== Try it ==
Write out the lines below once more, exactly as they appear. Do not include pictures.

== Dataset content ==
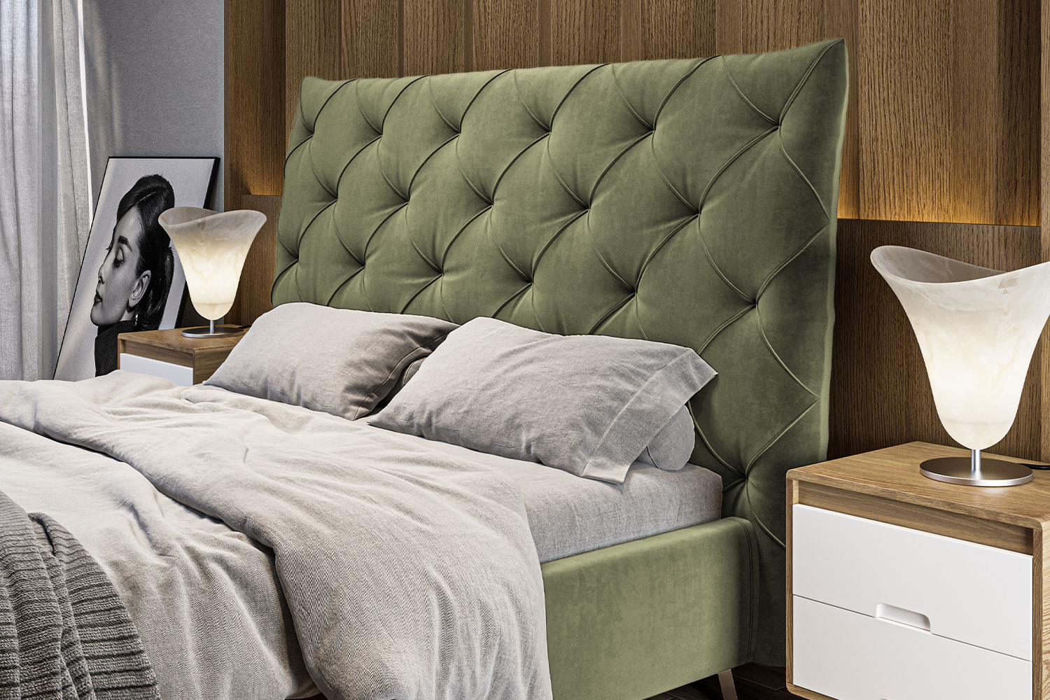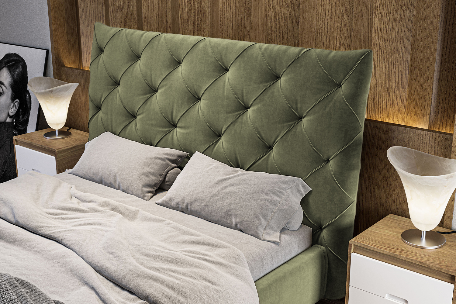 Elegantes Kopfteil mit Absteppungen im Chesterfield-Stil
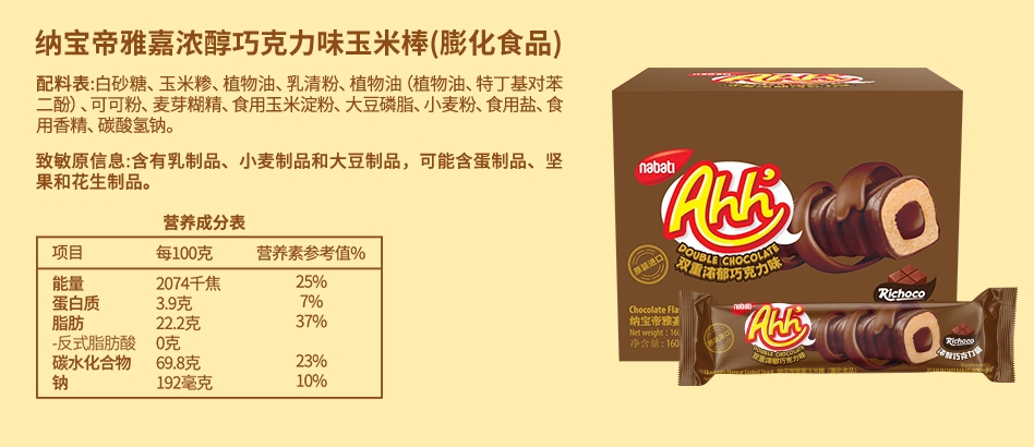- ¥31.80布朗尼16包+玉米棒20根+夹心饼干3包+熔岩巧克力16包+威化饼干5包【共60包】,8g
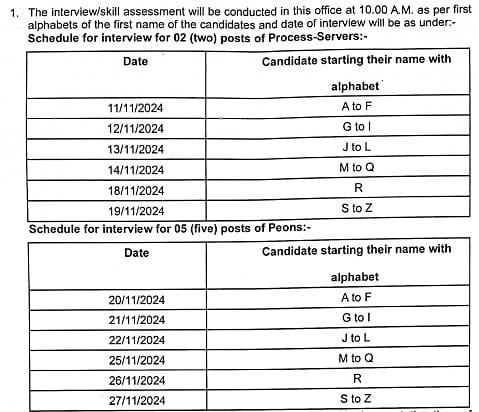 The Interview for posts of Peon, Process Server
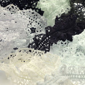 • This is the Stretch Torchon Lace from SHINDO (S.I.C.). The lace with a simple design of elastic bilateral ruffles, using fine thread, has a light and delicate texture. Recommended material for children's clothing and general merchandise applications. In order to minimize shrinkage during washing and dyeing, all colors, including unbleached ones, have been treated to prevent shrinkage, so if you've ever had a lace sewn to a fabric that has shrunk after washing, don't worry. Three meter-cut products are sold as samples to check the actual product or for prototypes. Please be sure to check the actual product with a three meter-cut product before purchasing in a roll.
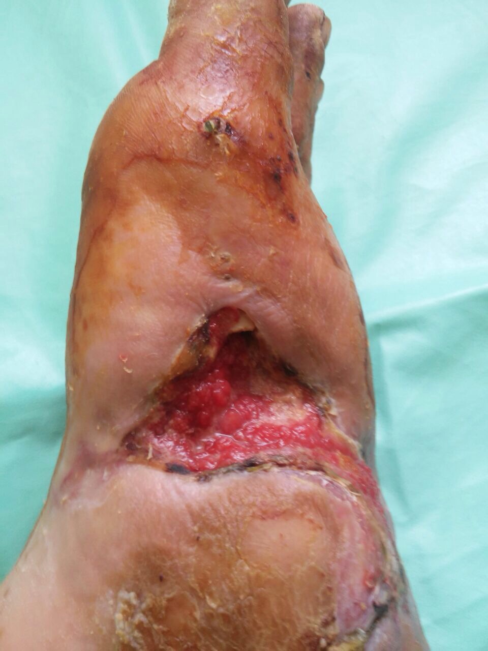 Возможно, пересечена одна из крупных артерий стопы. Все кости стопы смещены с укорочением. Очевиден дефицит кровотока в дистальных отделах. Наиболее оптимальный результат - филатовский стебель или другой васкуляризированный лоскут. После закрытия раны, решать проблему замещения (достаточно трудно).
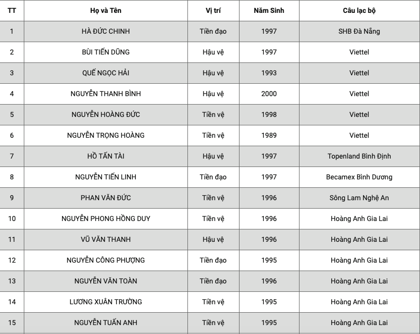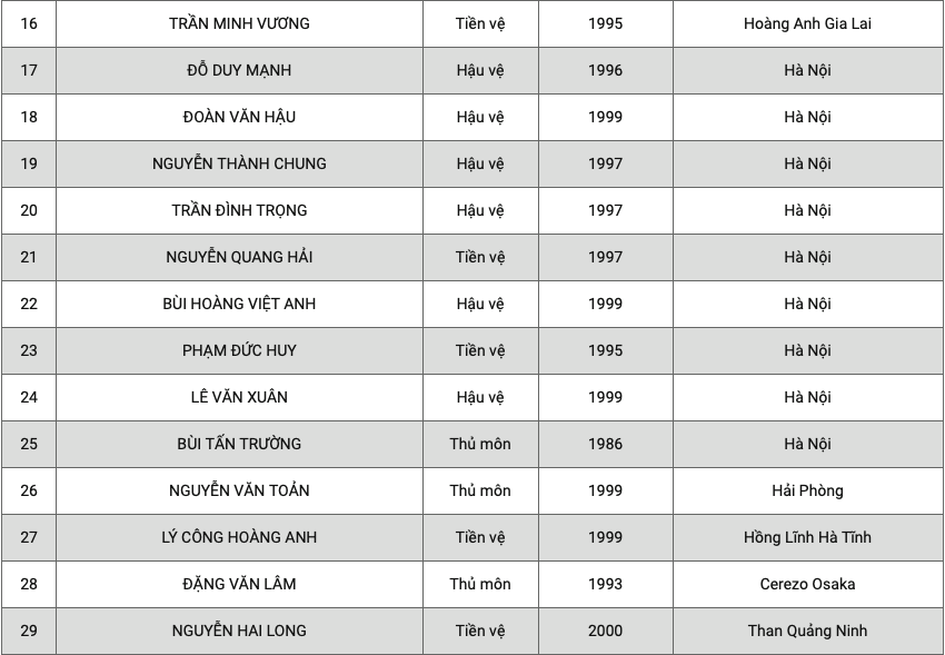Theo dự kiến ban đầu, danh sách tuyển Việt Nam sẽ gồm 28 cầu thủ, trong đó thủ môn Đặng Văn Lâm sẽ bay trực tiếp từ Nhật Bản sang Dubai. Tuy nhiên, danh sách hiện tại do HLV Park Hang Seo “gút” lại vẫn có 29 người. Tiền vệ Nguyễn Hai Long đã được ông Park đưa từ đội U22 Việt Nam lên.
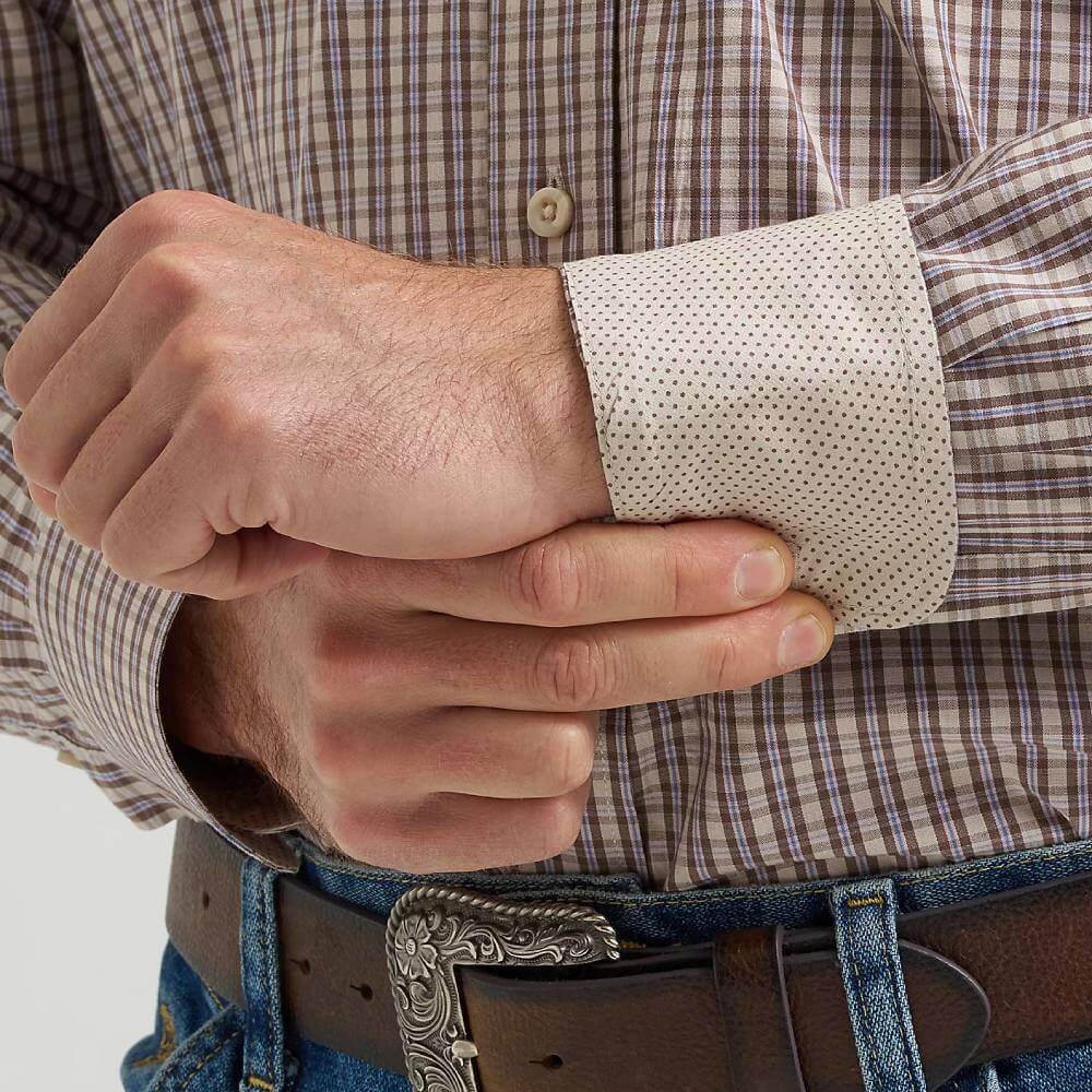 Essential Wrangler Mens George Strait™ Two Pocket Shirt. When it comes to casual style that rises to every occasion, nothings beats the George Strait™ Two-Pocket Button-Down Shirt. This long-sleeve button-down features a straight back yoke, two button-through pockets, adjustable cuffs, a curved hem, and a relaxed fit that feels roomy throughout. Best of all, it's woven from a comfortable cotton blend you can wear all day long.
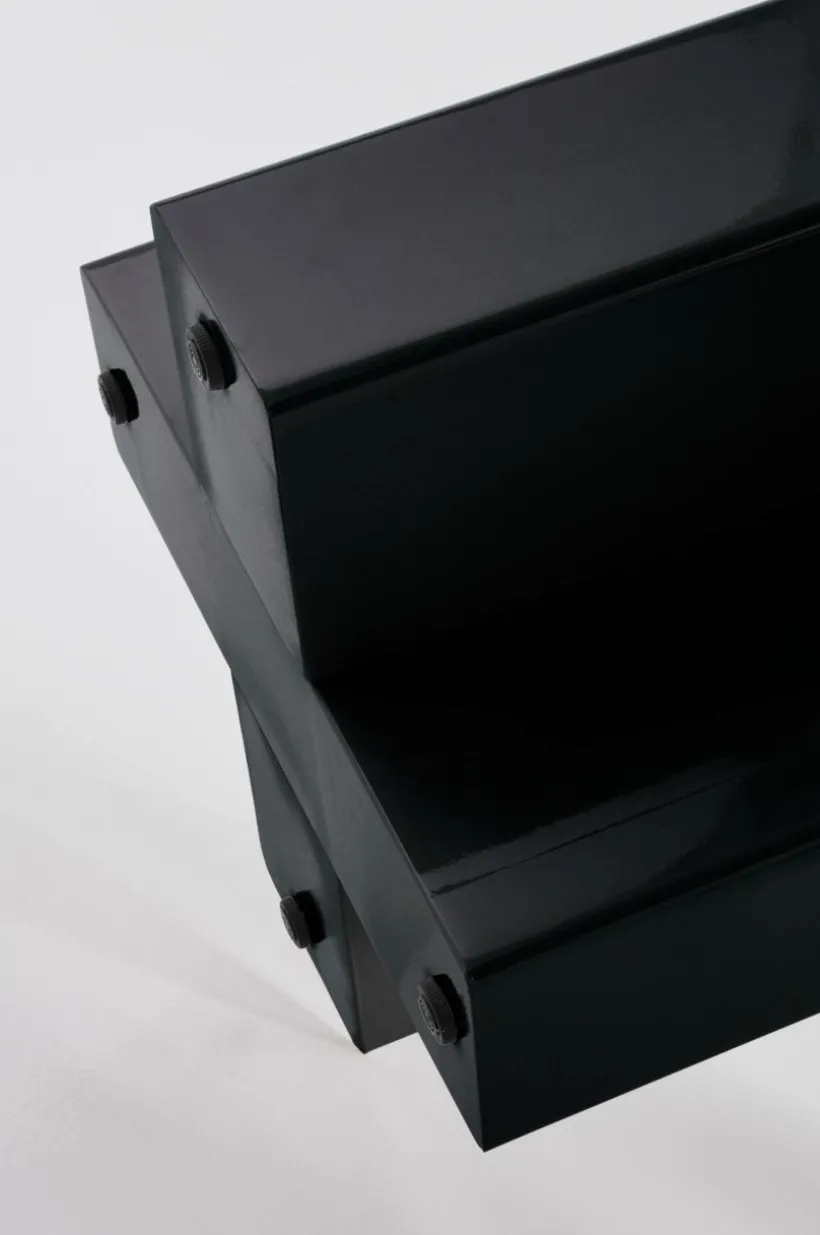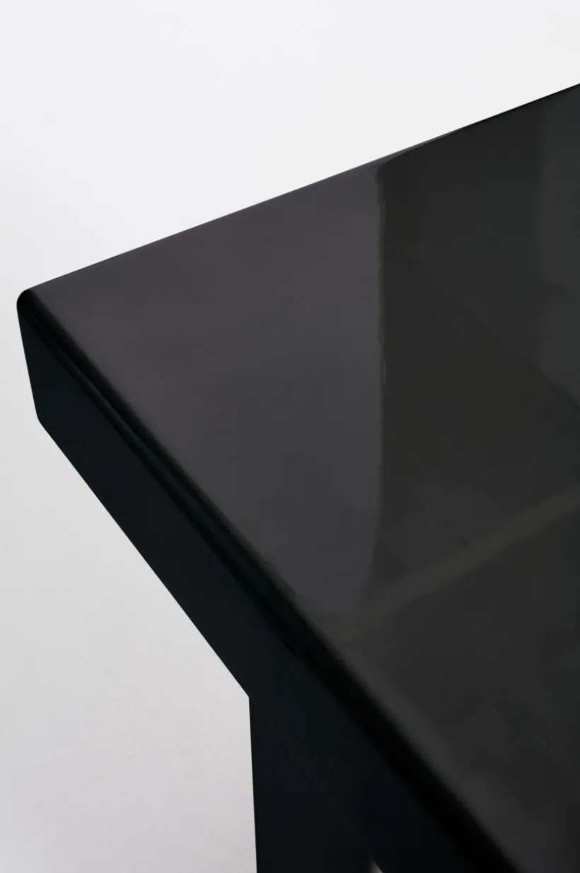 Fyrkantigt sidobord i kompakt och tuff design, bordet är av MDF med högblank lack. Den kraftiga och samtidigt lilla bordsskivan vilar på ett lika kraftigt kors som utgör benen. Småbord likt detta är lätt att flytta efter dina behov, det är litet och behändigt att ha bredvid soffan och det blir ett piggt inslag som sängbord bredvid sängen. Viss montering krävs. Monteringsanvisning medföljer.
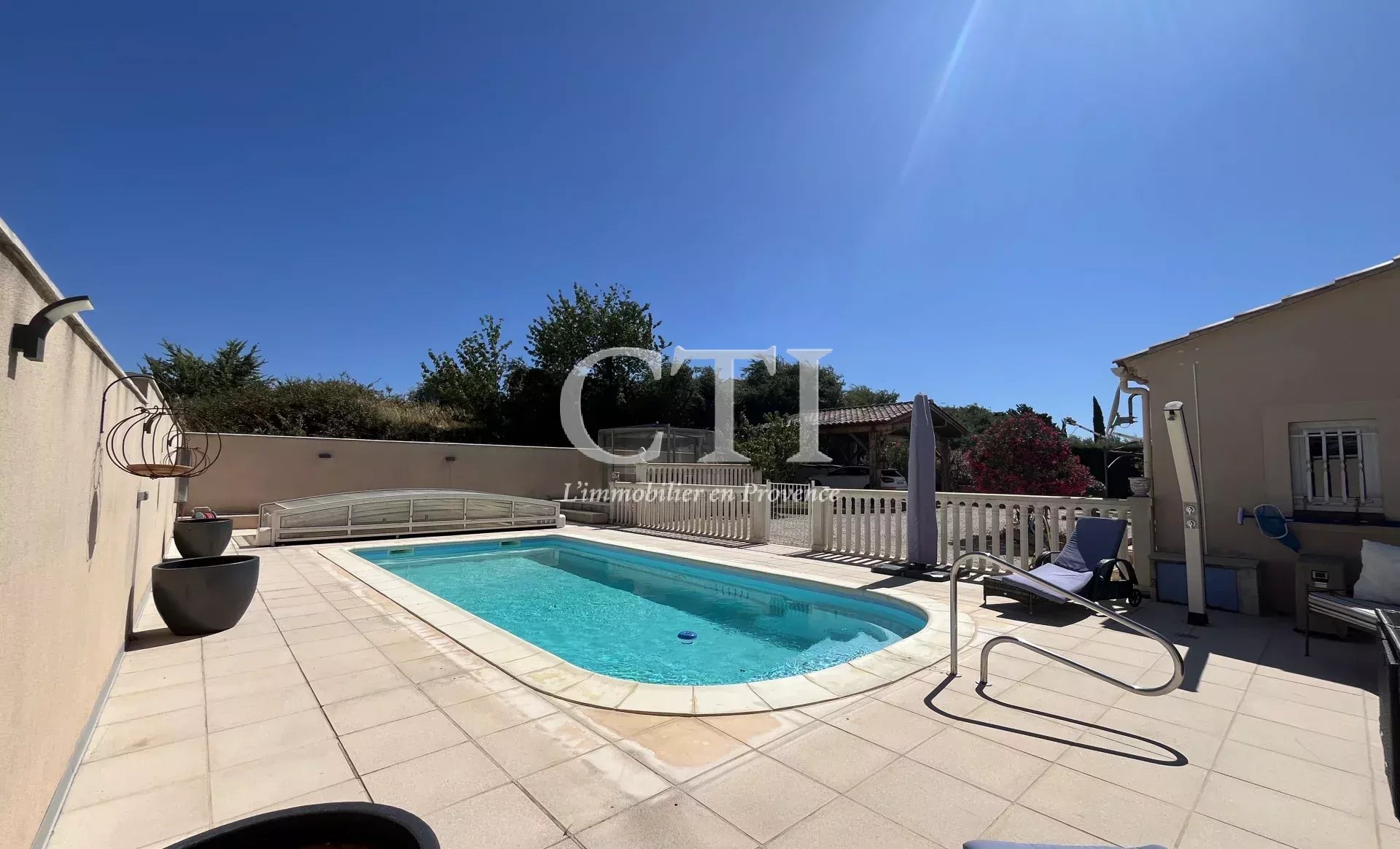 Le jardin de 1 503 m², véritable havre de paix, a été aménagé avec goût autour de massifs de plantes méditerranéennes, créant une ambiance bucolique et apaisante. La piscine sécurisée (8 x 4 m), entourée de belles plages, invite à la détente sous le soleil de Provence. Une cuisine d’été ainsi qu’une salle d’eau extérieure viennent parfaire ce cadre de vie idéal pour les beaux jours.

== Expected output ==
 Elegantes Kopfteil mit Absteppungen im Chesterfield-Stil
- ¥31.80布朗尼16包+玉米棒20根+夹心饼干3包+熔岩巧克力16包+威化饼干5包【共60包】,8g
 The Interview for posts of Peon, Process Server
 • This is the Stretch Torchon Lace from SHINDO (S.I.C.). The lace with a simple design of elastic bilateral ruffles, using fine thread, has a light and delicate texture. Recommended material for children's clothing and general merchandise applications. In order to minimize shrinkage during washing and dyeing, all colors, including unbleached ones, have been treated to prevent shrinkage, so if you've ever had a lace sewn to a fabric that has shrunk after washing, don't worry. Three meter-cut products are sold as samples to check the actual product or for prototypes. Please be sure to check the actual product with a three meter-cut product before purchasing in a roll.
 Возможно, пересечена одна из крупных артерий стопы. Все кости стопы смещены с укорочением. Очевиден дефицит кровотока в дистальных отделах. Наиболее оптимальный результат - филатовский стебель или другой васкуляризированный лоскут. После закрытия раны, решать проблему замещения (достаточно трудно).
Theo dự kiến ban đầu, danh sách tuyển Việt Nam sẽ gồm 28 cầu thủ, trong đó thủ môn Đặng Văn Lâm sẽ bay trực tiếp từ Nhật Bản sang Dubai. Tuy nhiên, danh sách hiện tại do HLV Park Hang Seo “gút” lại vẫn có 29 người. Tiền vệ Nguyễn Hai Long đã được ông Park đưa từ đội U22 Việt Nam lên.
 Essential Wrangler Mens George Strait™ Two Pocket Shirt. When it comes to casual style that rises to every occasion, nothings beats the George Strait™ Two-Pocket Button-Down Shirt. This long-sleeve button-down features a straight back yoke, two button-through pockets, adjustable cuffs, a curved hem, and a relaxed fit that feels roomy throughout. Best of all, it's woven from a comfortable cotton blend you can wear all day long.
 Fyrkantigt sidobord i kompakt och tuff design, bordet är av MDF med högblank lack. Den kraftiga och samtidigt lilla bordsskivan vilar på ett lika kraftigt kors som utgör benen. Småbord likt detta är lätt att flytta efter dina behov, det är litet och behändigt att ha bredvid soffan och det blir ett piggt inslag som sängbord bredvid sängen. Viss montering krävs. Monteringsanvisning medföljer.
 Le jardin de 1 503 m², véritable havre de paix, a été aménagé avec goût autour de massifs de plantes méditerranéennes, créant une ambiance bucolique et apaisante. La piscine sécurisée (8 x 4 m), entourée de belles plages, invite à la détente sous le soleil de Provence. Une cuisine d’été ainsi qu’une salle d’eau extérieure viennent parfaire ce cadre de vie idéal pour les beaux jours.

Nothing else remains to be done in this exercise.